Новогодняя ночь в диспансере
8 марта 2026, 00:00Пуэнте-Вьехо. Канун Нового года, 1920-е.
За окном медицинского диспансера было пусто и темно.
Декабрьская ночь плотно обступила маленькое здание в центре городка, прижимаясь к стёклам сырым, тяжёлым воздухом. Фонарь напротив, на краю площади, горел ровно и неподвижно — ветра не было. Только тишина, такая густая, что казалось, её можно потрогать руками.
Площадь спала. Булыжник блестел от ночной влаги, ставни в бакалейной лавке были наглухо заколочены, в фонтане у стены отражался одинокий фонарь. Ни огней в окнах вокруг — здесь были только административные здания да пара складов. К этому часу даже сторож в ратуше на другой стороне площади, наверное, уже дремал.
Лукас Молинер сидел за рабочим столом и смотрел на дверь.
Керосинка горела неярко, желтоватым тёплым светом, выхватывая из темноты стопку медицинских карт, чернильницу с остатками чернил, потёртую ручку, которую он машинально крутил в пальцах, даже не замечая этого. Стеклянный шкаф у стены тускло поблёскивал рядами колб и банок — за стеклом стояли снадобья, инструменты, хирургические зажимы, ряды пузырьков с порошками, перетянутые пергаментом. На некоторых — этикетки, написанные его собственной рукой: «от кашля», «для примочек», «микстура успокоительная». На нижней полке — стопка чистых бинтов, коробка с хирургическим шёлком, стеклянные трубки, которые он использовал редко, но держал на всякий случай.
В углу, за перегородкой, угадывался столик для стерилизации инструментов — спиртовка с закопчённым фитилём, эмалированная кастрюлька, кюветы, в которых он кипятил иглы и скальпели. Рядом на гвозде висело полотенце с вышитыми инициалами «Л.М.» — подарок благодарной пациентки, доны Эрнестины, у которой он вылечил внука от крупа.
Он прислушивался. К каждому шороху, к каждому скрипу. Где-то далеко, на окраине, может быть, уже начали готовиться к полуночи — там, где жилые дома, где семьи собирались за столом. Но здесь, в центре, было глухо. Ни музыки, ни голосов. Только сырость и ожидание.
Когда дверь скрипнула, он встал раньше, чем успел подумать.
---
Соль стояла на пороге.
Бежевое пальто — то самое, с мехом и пуговицами из тёмного дерева.
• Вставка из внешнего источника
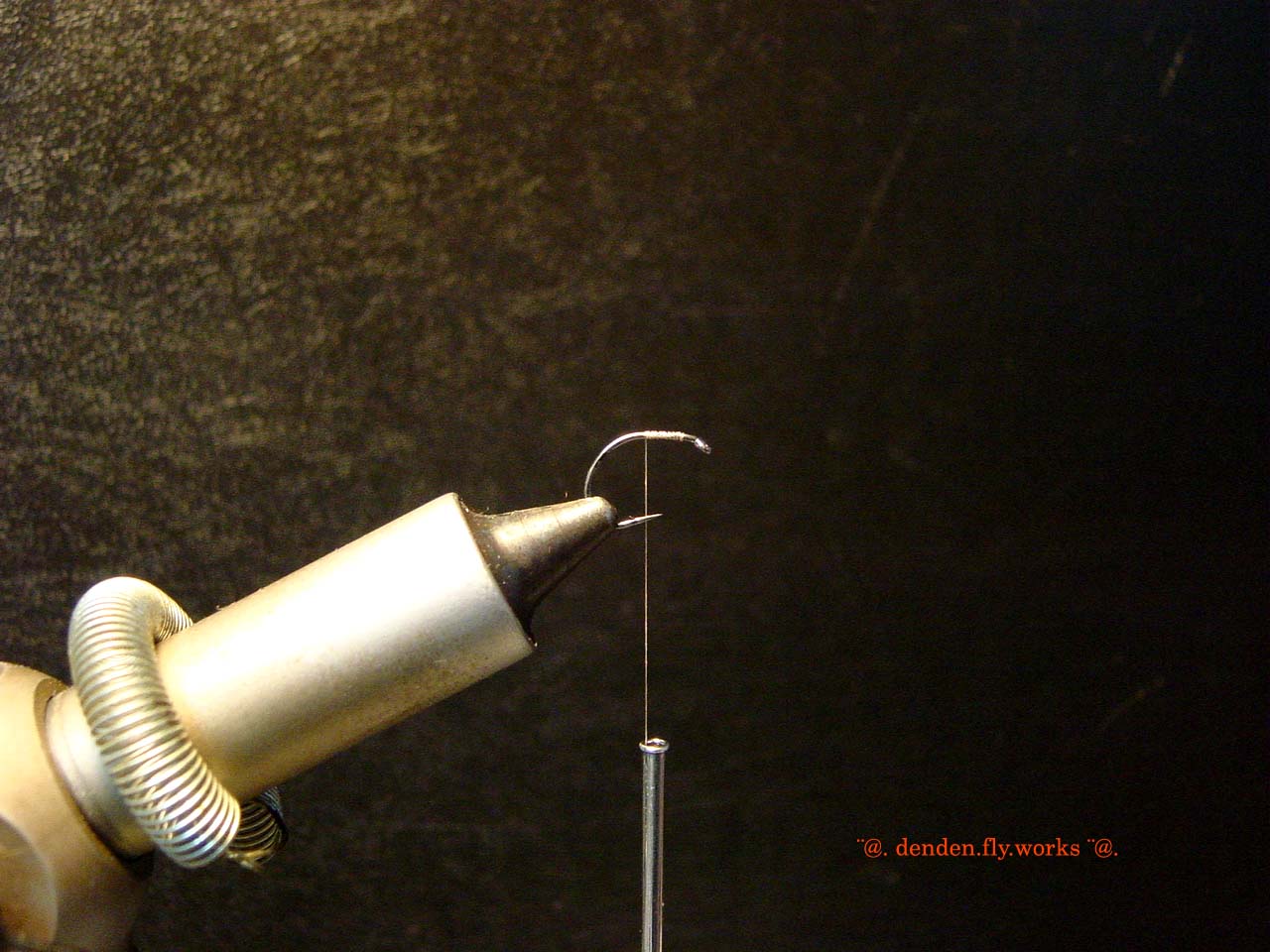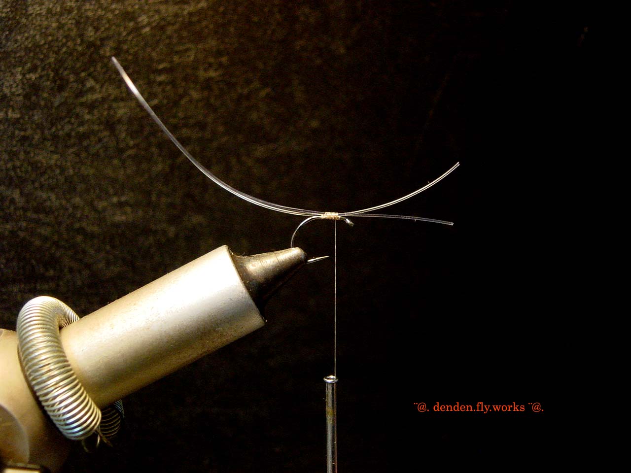 ⑤ スレッドをテールまで下巻きしたらボディとなるバイオットを取付けます。

Тёмные прямые волосы растрепались, пока она бежала через площадь — длинные пряди выбились из пучка, одна упала на лицо, другая запуталась в воротнике. Щёки горели неровным румянцем — не косметика, а живой румянец с мороза, от быстрой ходьбы. Губы приоткрыты, чтобы отдышаться, в глазах — смесь страха и торжества: добралась.
Она шагнула внутрь — и сразу услышала, как за спиной щёлкнул замок.
Лукас закрыл дверь на ключ. Спрятал ключ в карман брюк. Медленно, не спеша, глядя на неё.
— Чтобы никто не вошёл, — сказал тихо. — Даже если очень захочет.
Она кивнула. Прислонилась к двери спиной, глядя на него. Грудь тяжело вздымалась после быстрой ходьбы — пальто вздымалось и опадало. В свете керосинки её глаза казались почти чёрными, глубокими, как колодцы, — только где-то в глубине золотые крапинки, которые он так любил рассматривать при дневном свете.
Он протянул руку — и убрал с её лица прямую тёмную прядь, упавшую на глаз. Кончиками пальцев провёл по скуле — кожа прохладная, гладкая, живая. Будто проверял, настоящая ли.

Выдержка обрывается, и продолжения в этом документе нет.